Print out the data that follows exactly, character for character, apart from the pictures.

===== Records shown =====

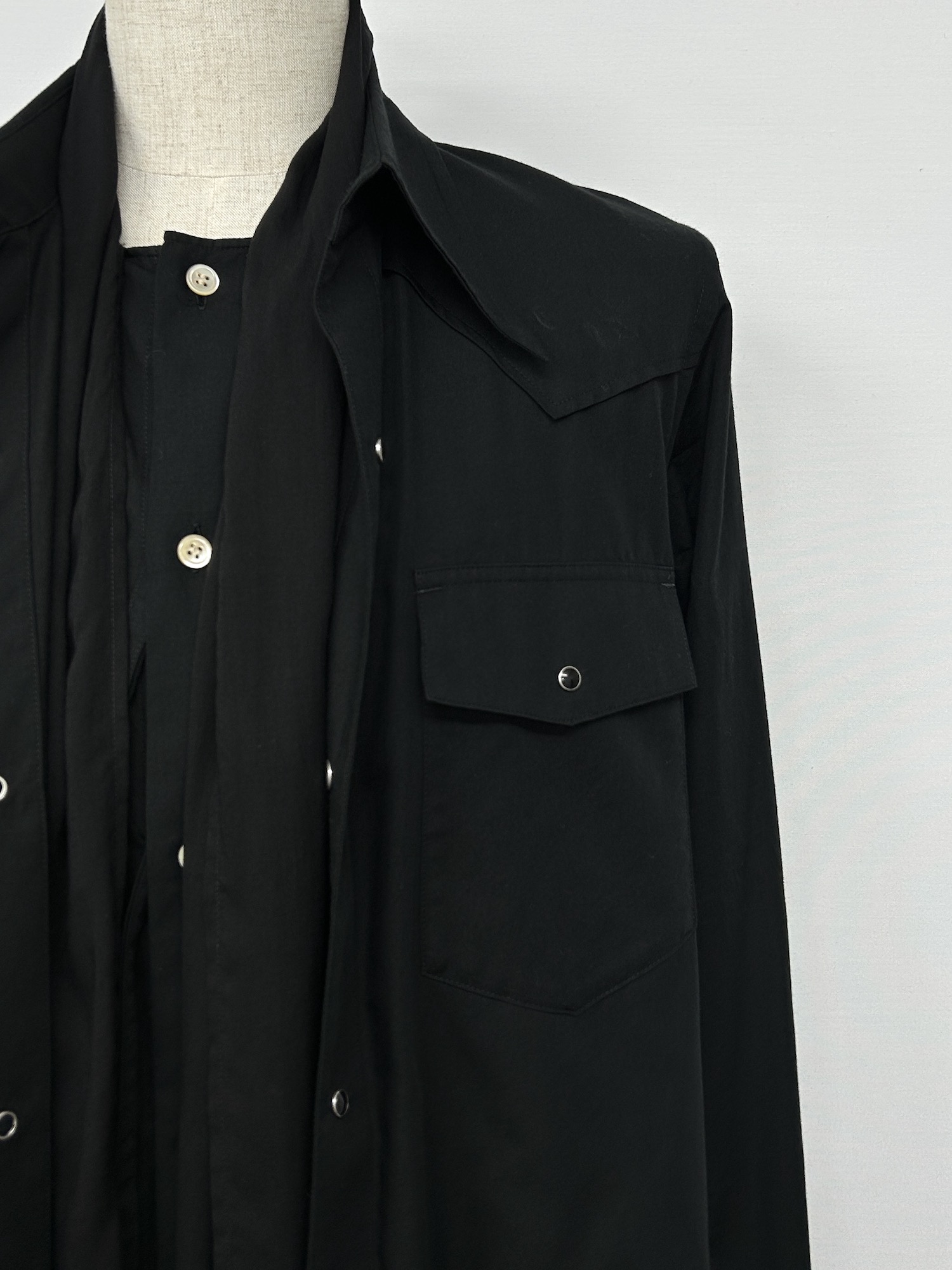 コットン、シルク、無地、両胸ポケット、レイヤード風
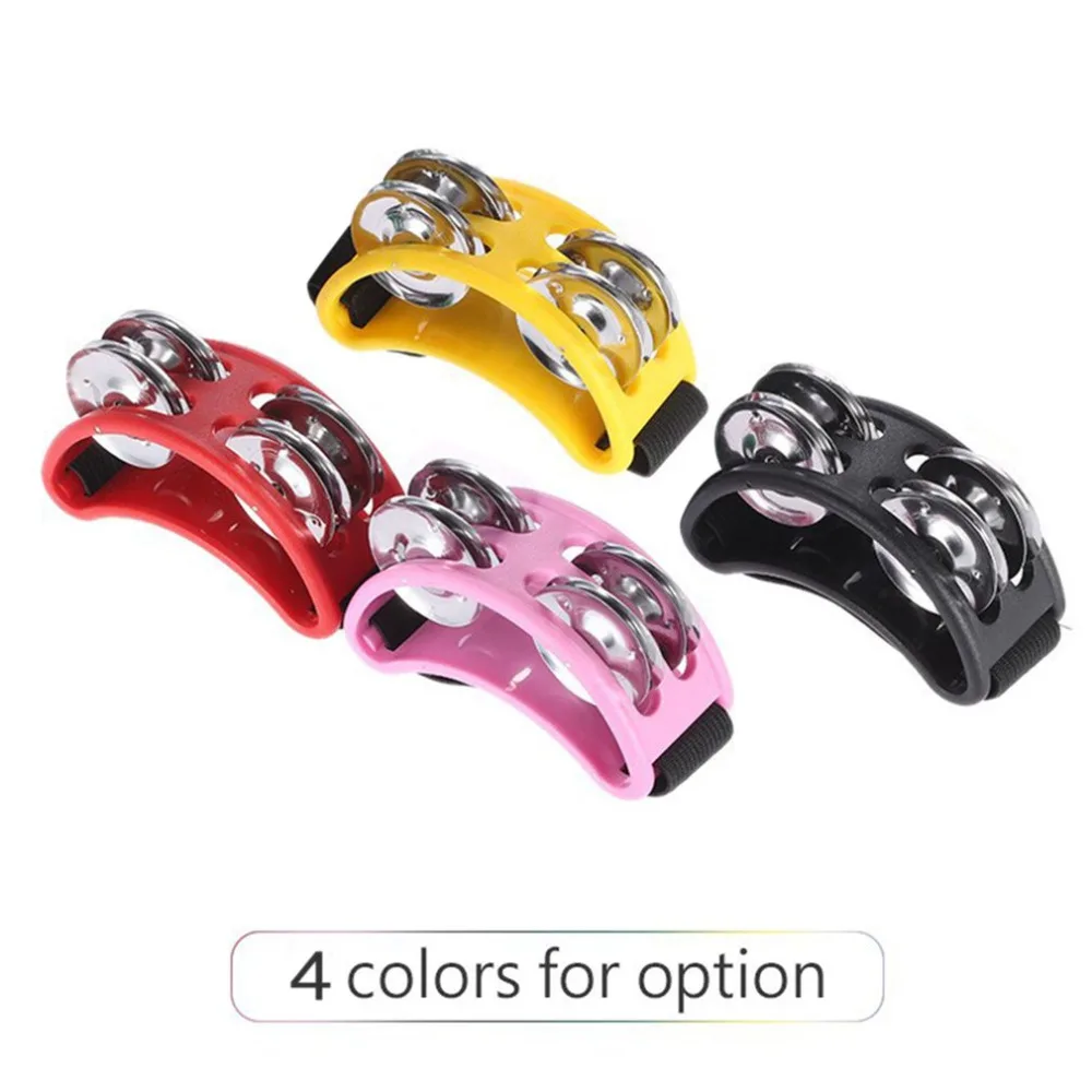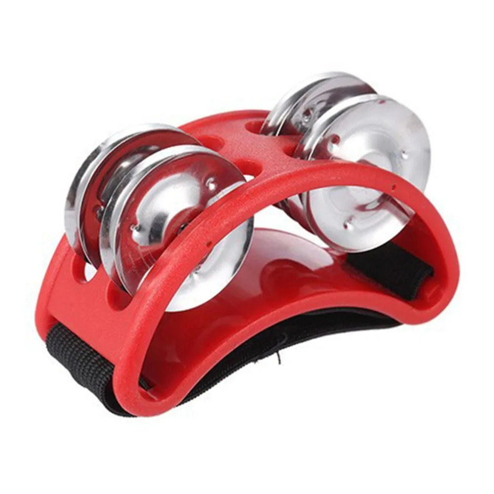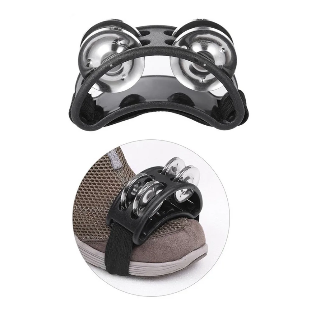 Half Moon Shape Foot Tambourine Metal Jingle Bell Percussion Musical Instrument Box Drum Companion Accessory Black Red Yellow
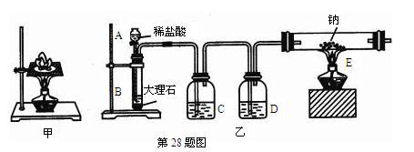 2、填空题 如图甲所示,某同学将一小块钠放在石棉网上加热,观察到生成的产物除了淡黄色固体外还有一些黑色固体物质,当时他想这种黑色物质应该是钠表面吸附的煤油不完全燃烧产生的碳单质,但在学习了镁与C02的反应后,该同学想:就金属活动性而言,Na比Mg还强,该黑色物质是否是Na与C02反应生成的碳单质。为了验证自己的想法,该同学利用装置乙进行实验。
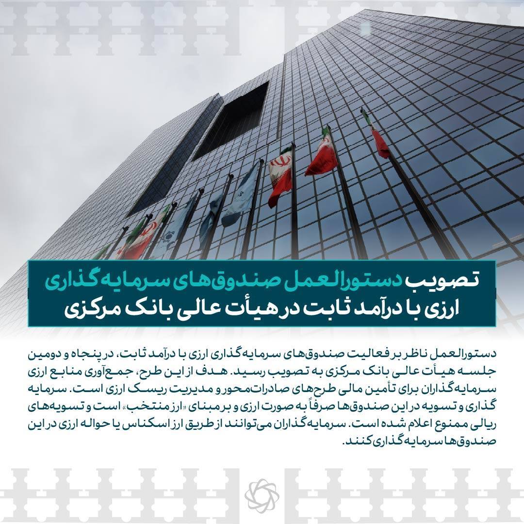 دستورالعمل فعالیت «صندوق‌های سرمایه‌گذاری ارزی با درآمد ثابت» به تصویب هیئت عالی بانک مرکزی رسید.
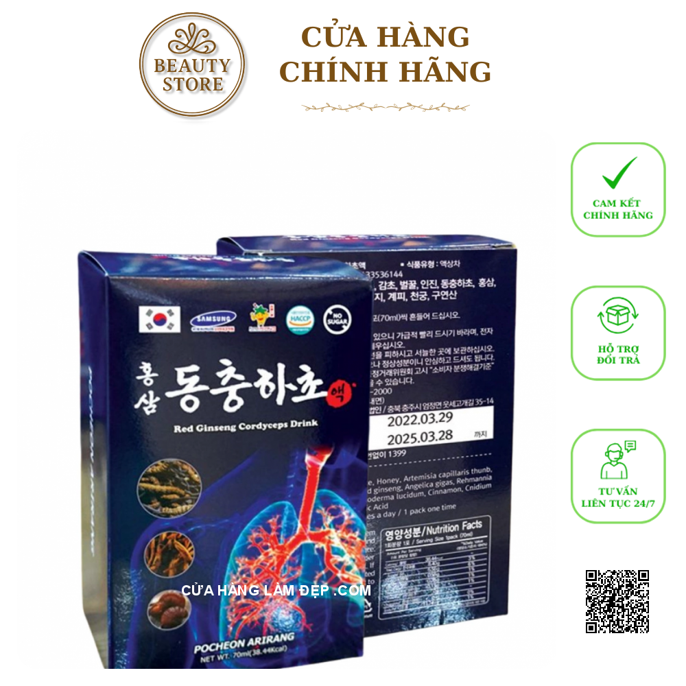 Tại hệ thống Cửa hàng làm đẹp, Nước Hồng Sâm Đông Trùng Hạ Thảo Bổ Phổi Pocheon Red Ginseng Cordyceps Drink có giá: 650.000 VND
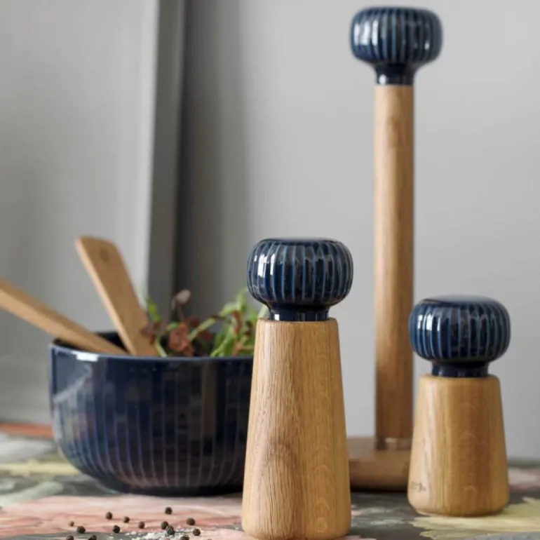 Krydderkvern i fargen indigo fra Kähler. Krydder og gastronomiske opplevelser hører tett sammen, og med Hammershøis klassiske kverner kan du pynte på ethvert bord og samtidig ha et effektivt hverdagssett på kjøkkenet ditt. Denne nye og elegante indigoblå nyansen tilfører et tidløst og eksklusivt preg til serviset.
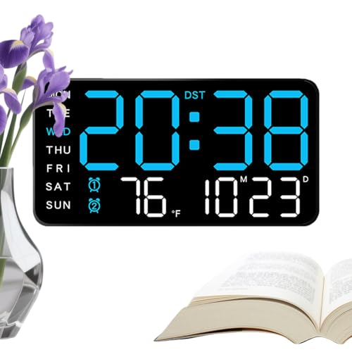 Grande horloge murale numérique multifonctionnelle à DEL avec date – Horloge murale numérique de bureau | Pour chambre à coucher, salon, bureau, dortoir, camping-car, garage, terrasse, piscine, salle
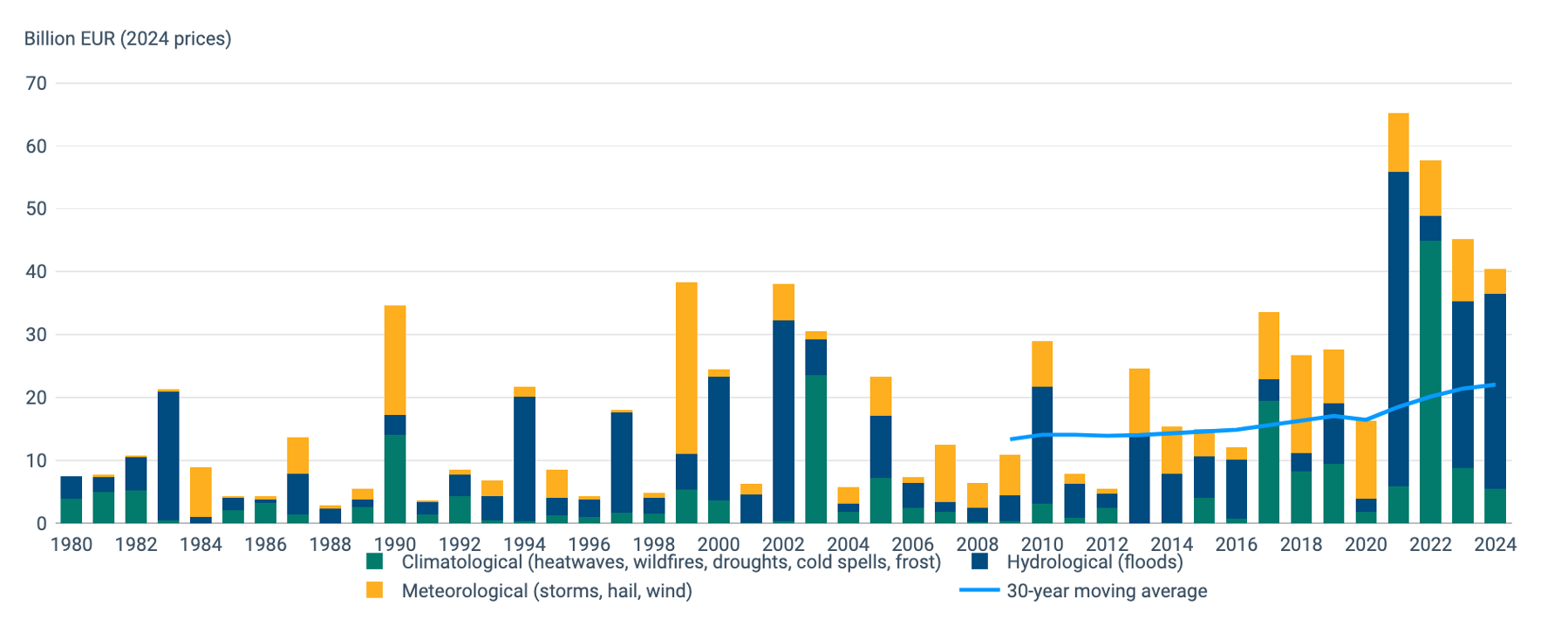 The scale of the problem in Europe is stark. From 1980 to 2024, weather and climate related extremes such as floods, storms, heatwaves, droughts, and wildfires have caused cumulative economic losses of approximately €822 billion across the European Union and associated countries, according to the European Environment Agency. Hydrological hazards, predominantly floods, account for nearly half of that total, with meteorological events such as storms and hail contributing another significant share.
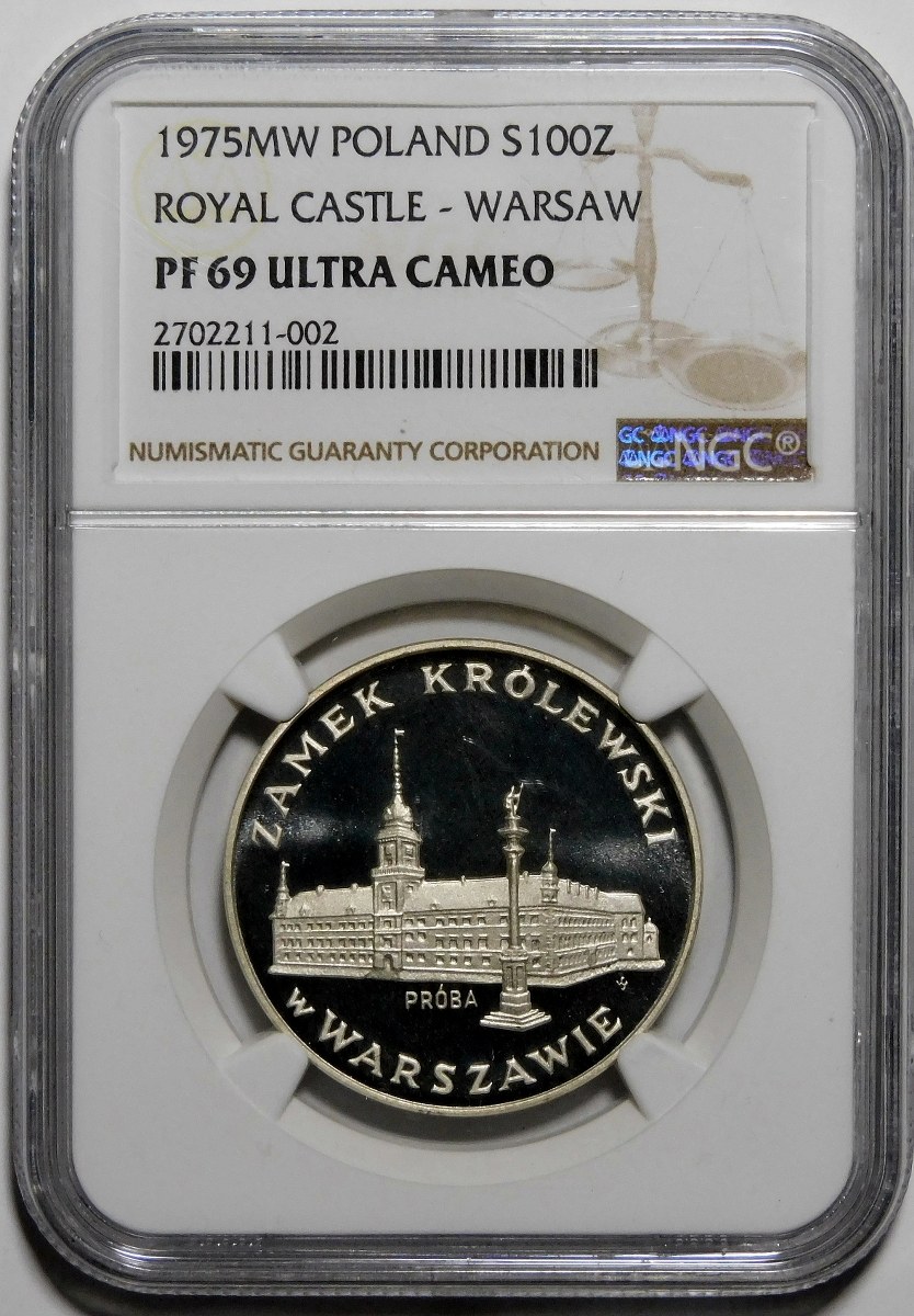 Próba 100 złotych Zamek w Warszawie 1975 - srebro
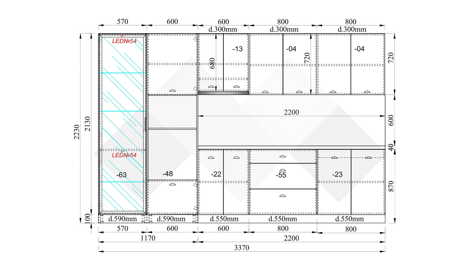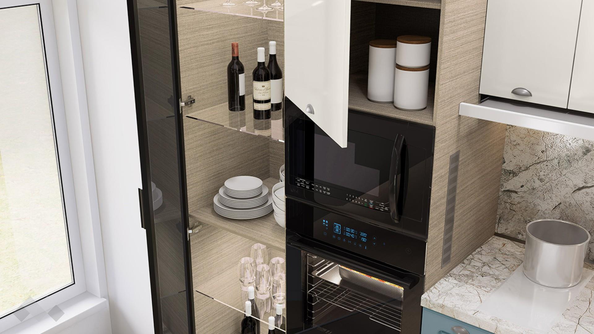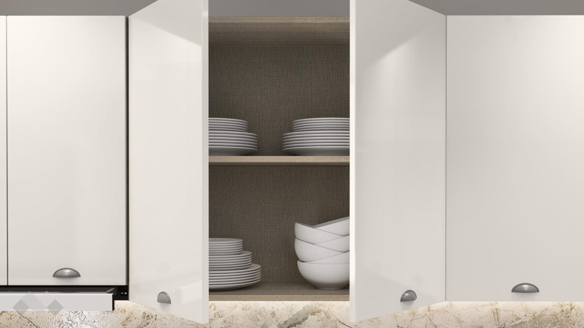 Горния ред шкафове са просторни за най-често използваните уреди и посуда. Шкаф за вграждане на фурна и микровълнова. Долния ред шкафове е функционално подбран - перфектната комбинация на рафтове и чекмеджета, за да поберат често използваните уреди, подправки и посуда. Витринния шкаф е с опушени матови стъкла 4 мм., 4 рафта и LED осветление, за да изглежда още по-елегантно
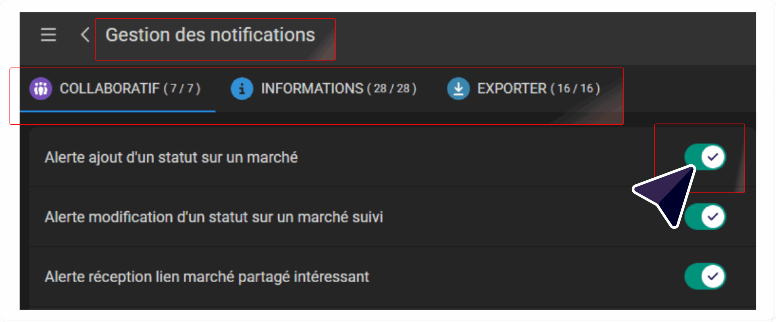 notifications, pour les modifications des marchés suivis par l’équipe. - Cette fonctionnalité est amenée à évoluer, pour améliorer la gestion des notifications en contexte collaboratif.

=====

* Result for this exercise *
 コットン、シルク、無地、両胸ポケット、レイヤード風
 Half Moon Shape Foot Tambourine Metal Jingle Bell Percussion Musical Instrument Box Drum Companion Accessory Black Red Yellow
 2、填空题 如图甲所示,某同学将一小块钠放在石棉网上加热,观察到生成的产物除了淡黄色固体外还有一些黑色固体物质,当时他想这种黑色物质应该是钠表面吸附的煤油不完全燃烧产生的碳单质,但在学习了镁与C02的反应后,该同学想:就金属活动性而言,Na比Mg还强,该黑色物质是否是Na与C02反应生成的碳单质。为了验证自己的想法,该同学利用装置乙进行实验。
 دستورالعمل فعالیت «صندوق‌های سرمایه‌گذاری ارزی با درآمد ثابت» به تصویب هیئت عالی بانک مرکزی رسید.
 Tại hệ thống Cửa hàng làm đẹp, Nước Hồng Sâm Đông Trùng Hạ Thảo Bổ Phổi Pocheon Red Ginseng Cordyceps Drink có giá: 650.000 VND
 Krydderkvern i fargen indigo fra Kähler. Krydder og gastronomiske opplevelser hører tett sammen, og med Hammershøis klassiske kverner kan du pynte på ethvert bord og samtidig ha et effektivt hverdagssett på kjøkkenet ditt. Denne nye og elegante indigoblå nyansen tilfører et tidløst og eksklusivt preg til serviset.
 Grande horloge murale numérique multifonctionnelle à DEL avec date – Horloge murale numérique de bureau | Pour chambre à coucher, salon, bureau, dortoir, camping-car, garage, terrasse, piscine, salle
 The scale of the problem in Europe is stark. From 1980 to 2024, weather and climate related extremes such as floods, storms, heatwaves, droughts, and wildfires have caused cumulative economic losses of approximately €822 billion across the European Union and associated countries, according to the European Environment Agency. Hydrological hazards, predominantly floods, account for nearly half of that total, with meteorological events such as storms and hail contributing another significant share.
 Próba 100 złotych Zamek w Warszawie 1975 - srebro
 Горния ред шкафове са просторни за най-често използваните уреди и посуда. Шкаф за вграждане на фурна и микровълнова. Долния ред шкафове е функционално подбран - перфектната комбинация на рафтове и чекмеджета, за да поберат често използваните уреди, подправки и посуда. Витринния шкаф е с опушени матови стъкла 4 мм., 4 рафта и LED осветление, за да изглежда още по-елегантно
 notifications, pour les modifications des marchés suivis par l’équipe. - Cette fonctionnalité est amenée à évoluer, pour améliorer la gestion des notifications en contexte collaboratif.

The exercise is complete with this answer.